RECORDED DATA:
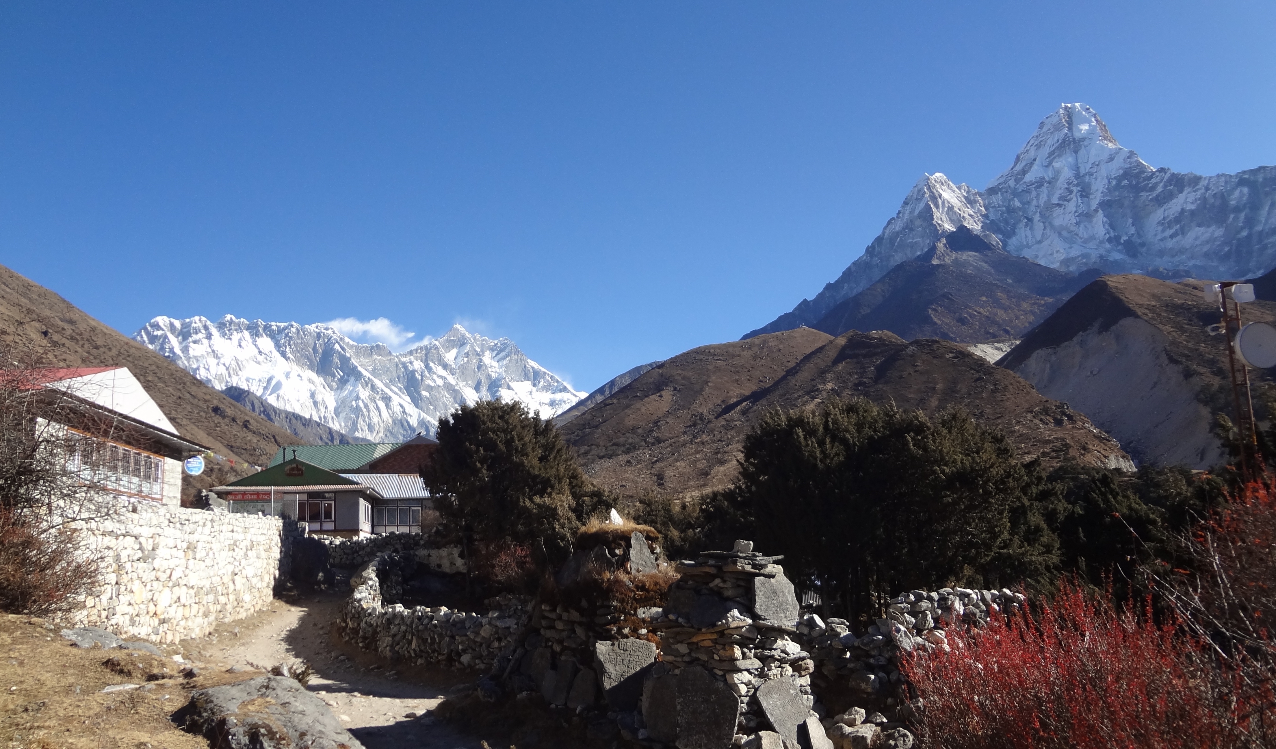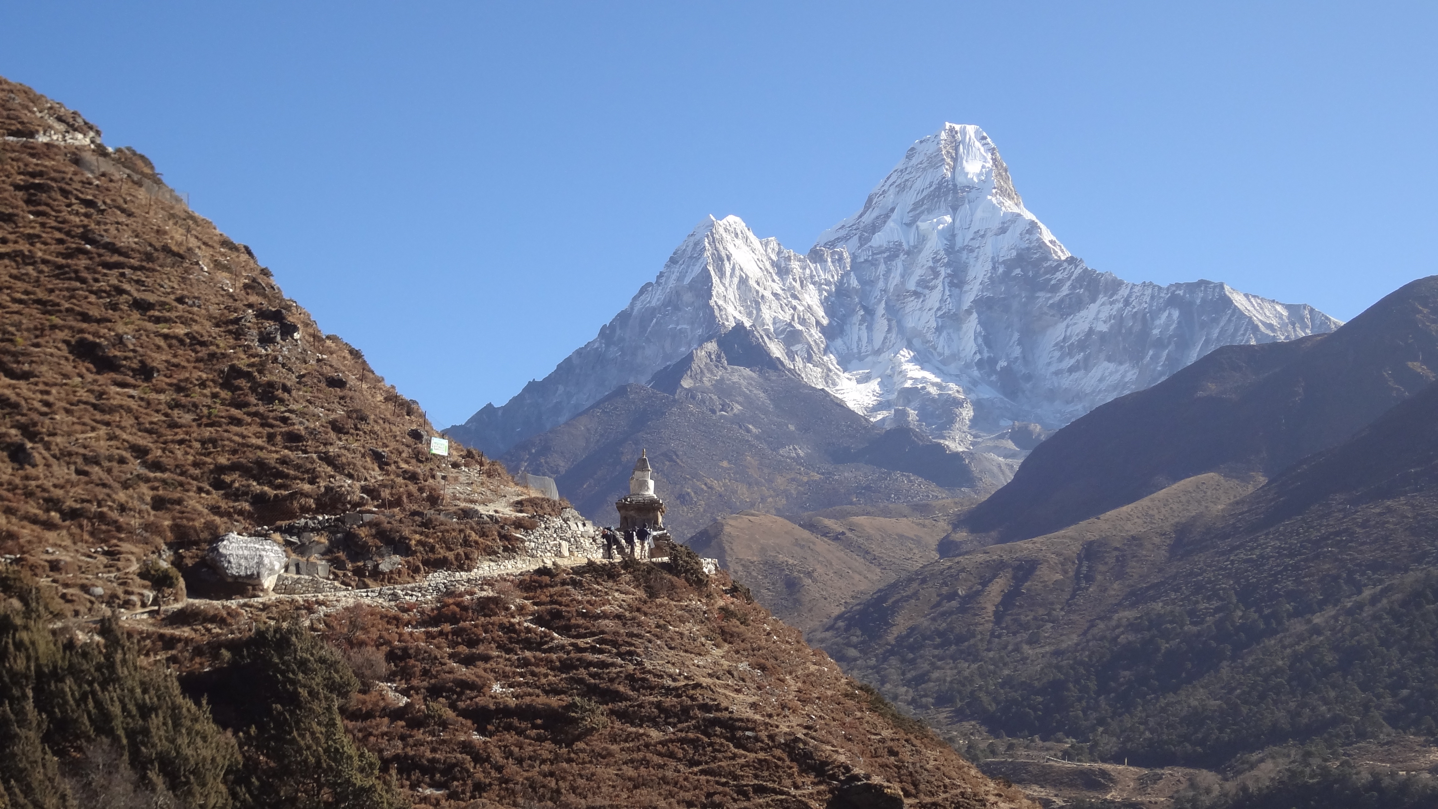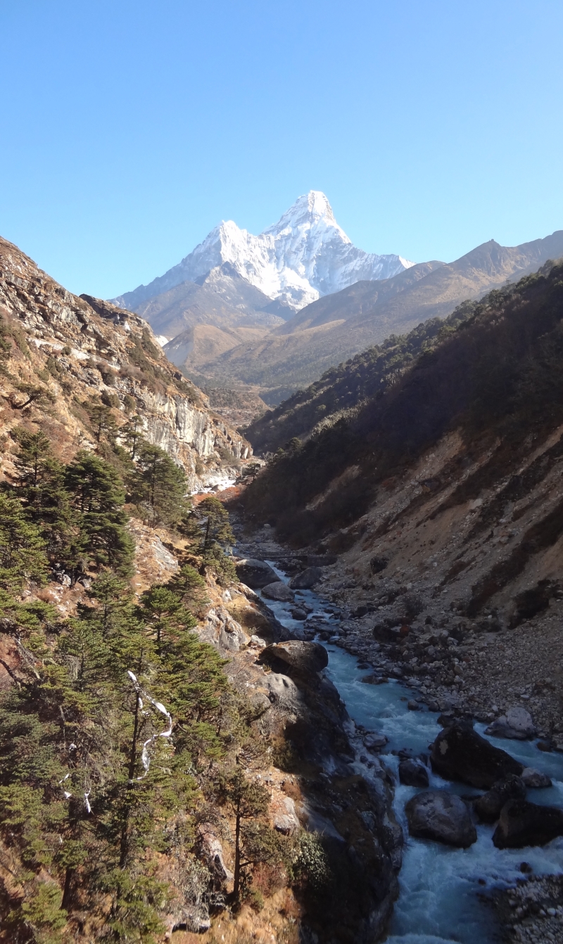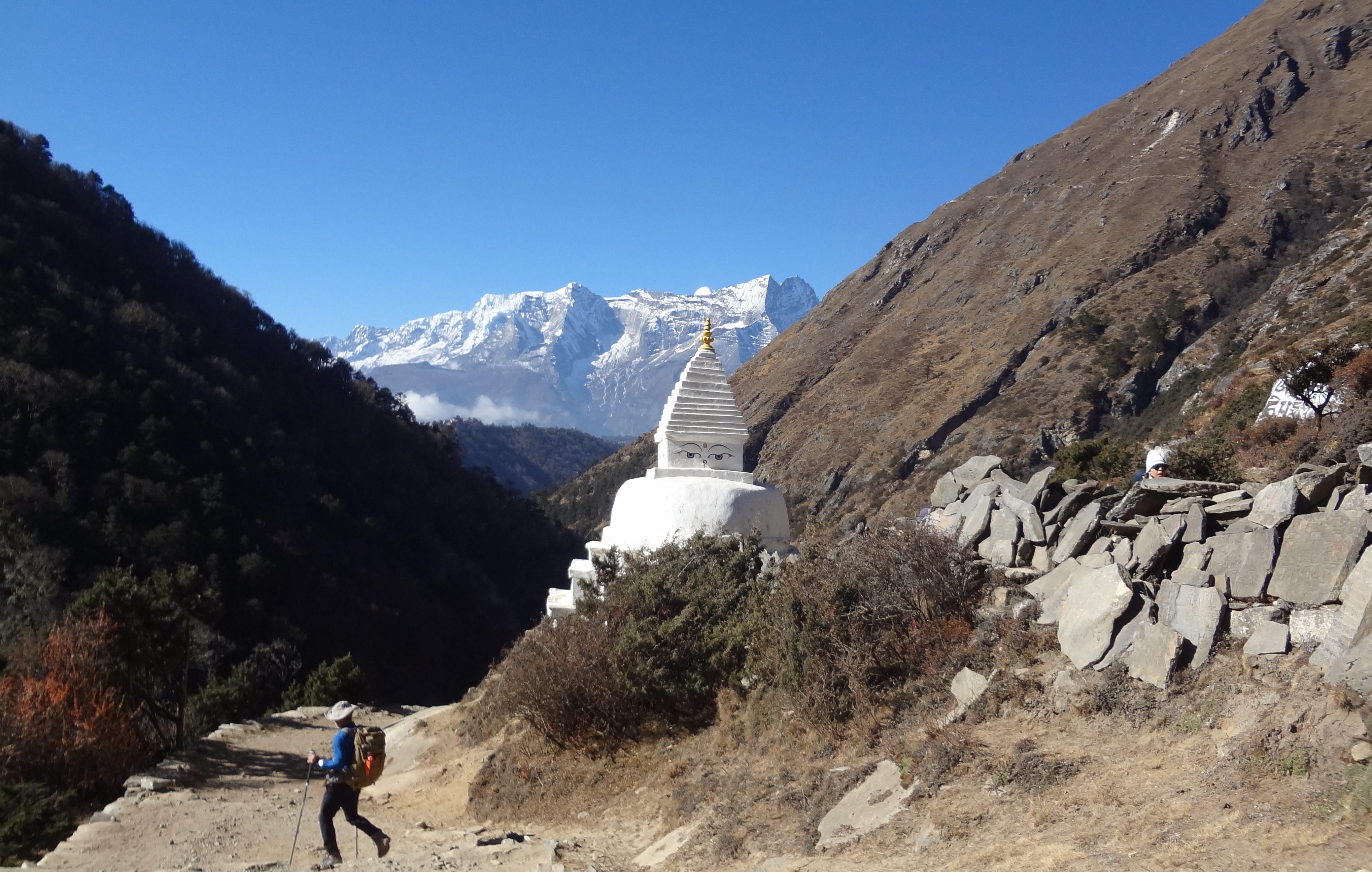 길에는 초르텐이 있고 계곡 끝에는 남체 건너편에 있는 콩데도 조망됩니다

* * *

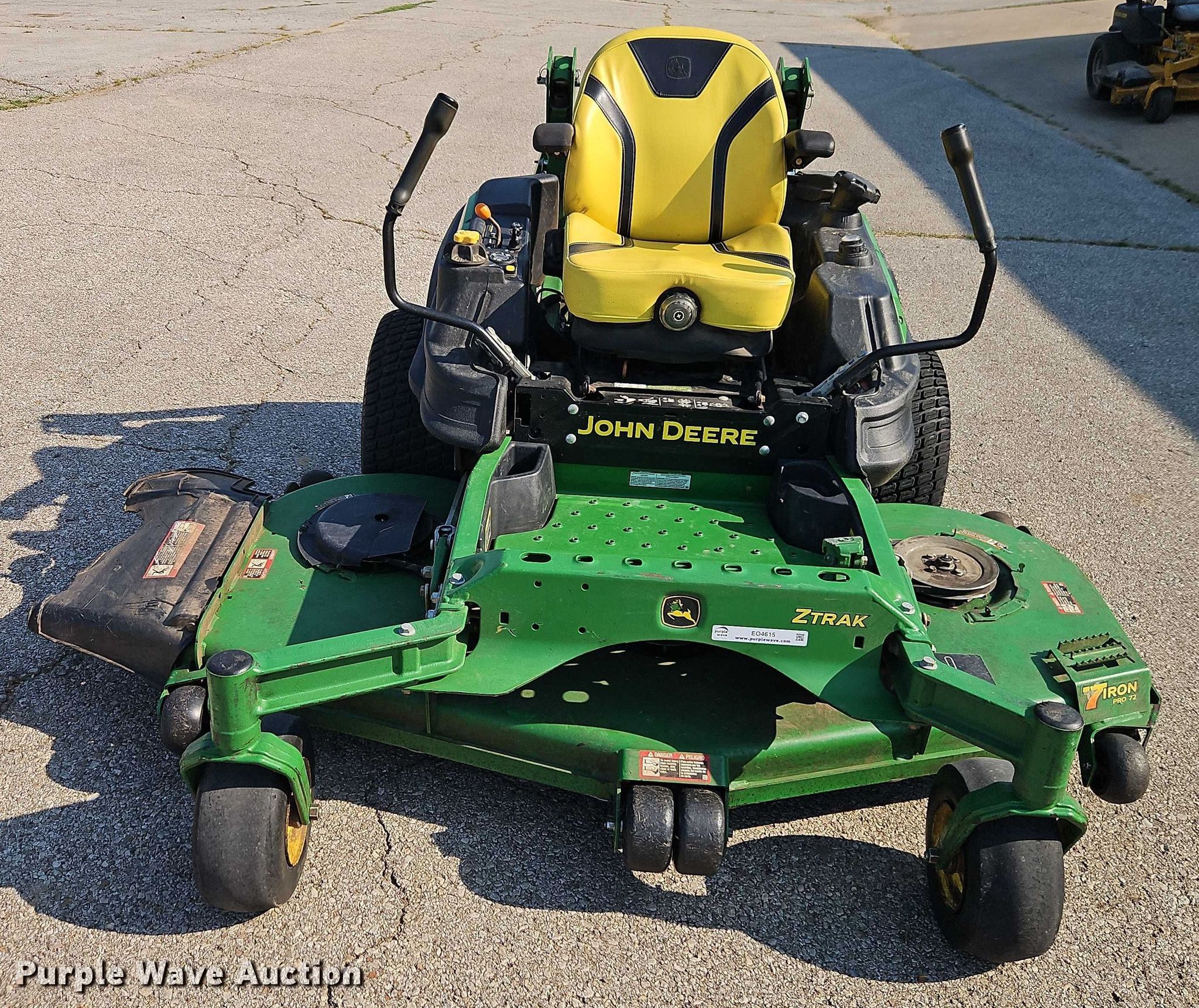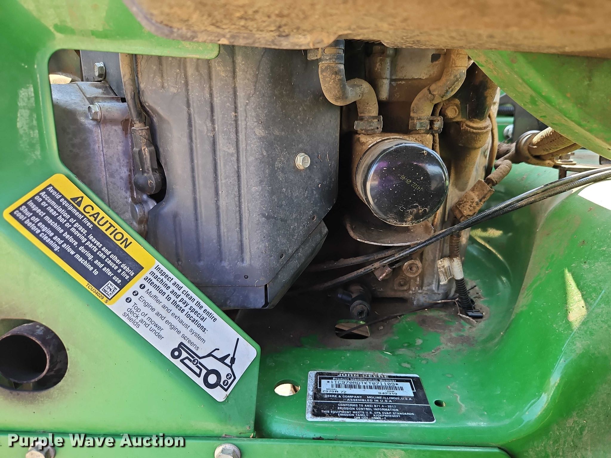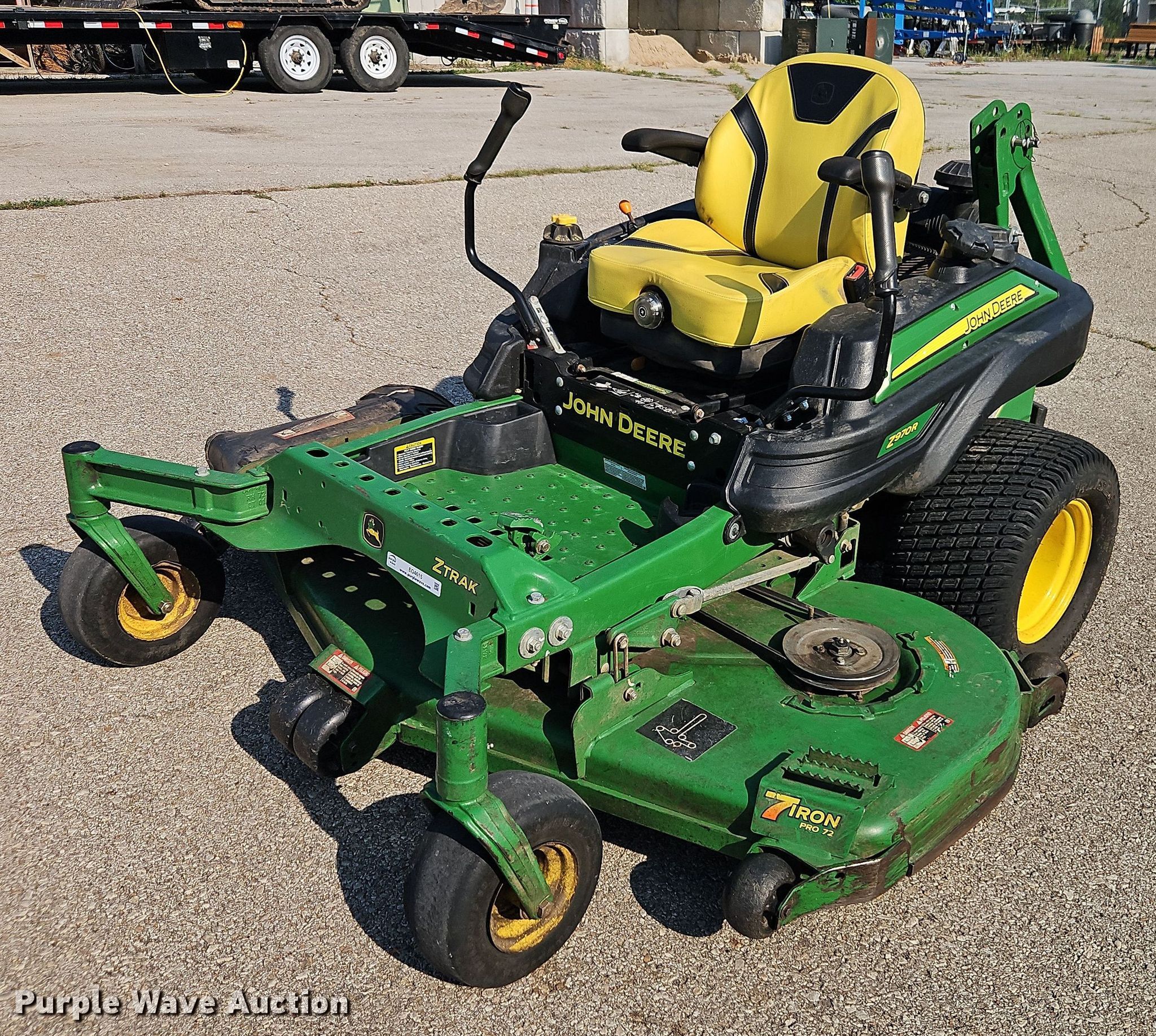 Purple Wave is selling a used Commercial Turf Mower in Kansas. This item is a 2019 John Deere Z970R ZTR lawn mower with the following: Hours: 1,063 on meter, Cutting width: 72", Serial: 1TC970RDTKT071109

* * *

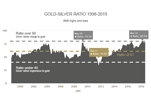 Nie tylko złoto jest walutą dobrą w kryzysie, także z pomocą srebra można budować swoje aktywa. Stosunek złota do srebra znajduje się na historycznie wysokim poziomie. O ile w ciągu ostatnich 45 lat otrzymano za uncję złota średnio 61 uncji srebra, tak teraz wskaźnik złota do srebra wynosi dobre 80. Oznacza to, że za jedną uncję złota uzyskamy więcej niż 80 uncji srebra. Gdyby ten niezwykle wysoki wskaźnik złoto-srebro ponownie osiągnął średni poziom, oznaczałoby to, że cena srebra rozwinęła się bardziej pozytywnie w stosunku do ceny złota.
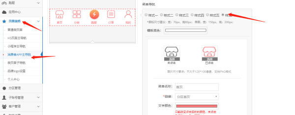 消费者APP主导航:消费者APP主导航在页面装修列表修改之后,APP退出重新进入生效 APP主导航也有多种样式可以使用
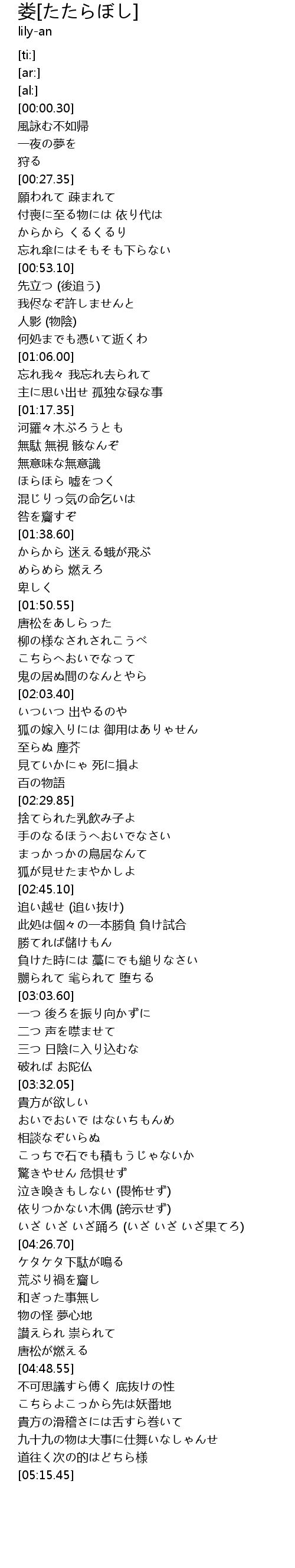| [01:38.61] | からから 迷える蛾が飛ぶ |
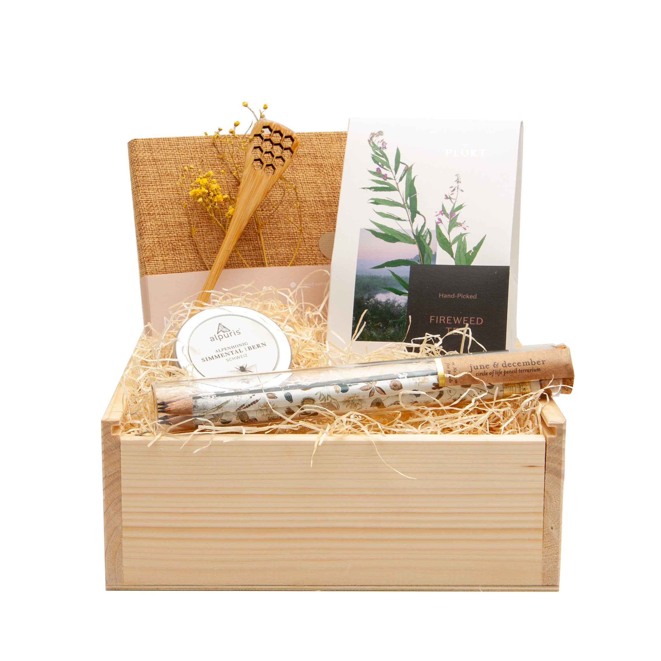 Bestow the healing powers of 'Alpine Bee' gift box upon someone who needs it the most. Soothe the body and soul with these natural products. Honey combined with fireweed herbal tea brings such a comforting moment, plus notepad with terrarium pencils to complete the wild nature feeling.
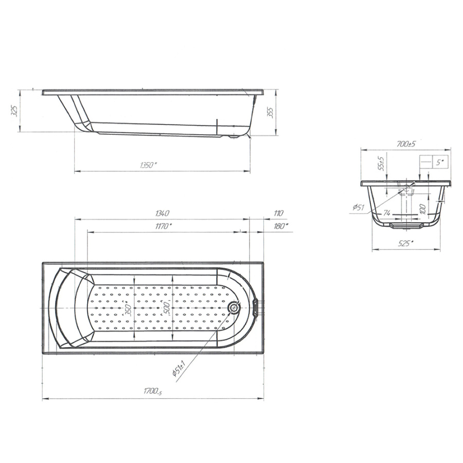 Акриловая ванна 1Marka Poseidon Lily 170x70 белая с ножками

ACTION ITEM: Output exactly the lines above, from the line with "からから 迷える蛾が飛ぶ |" to the line with "Акриловая ванна 1Marka", both included; skip the pictures.

RESPONSE TO THE TASK:
| [01:38.61] | からから 迷える蛾が飛ぶ |
 Bestow the healing powers of 'Alpine Bee' gift box upon someone who needs it the most. Soothe the body and soul with these natural products. Honey combined with fireweed herbal tea brings such a comforting moment, plus notepad with terrarium pencils to complete the wild nature feeling.
 Акриловая ванна 1Marka Poseidon Lily 170x70 белая с ножками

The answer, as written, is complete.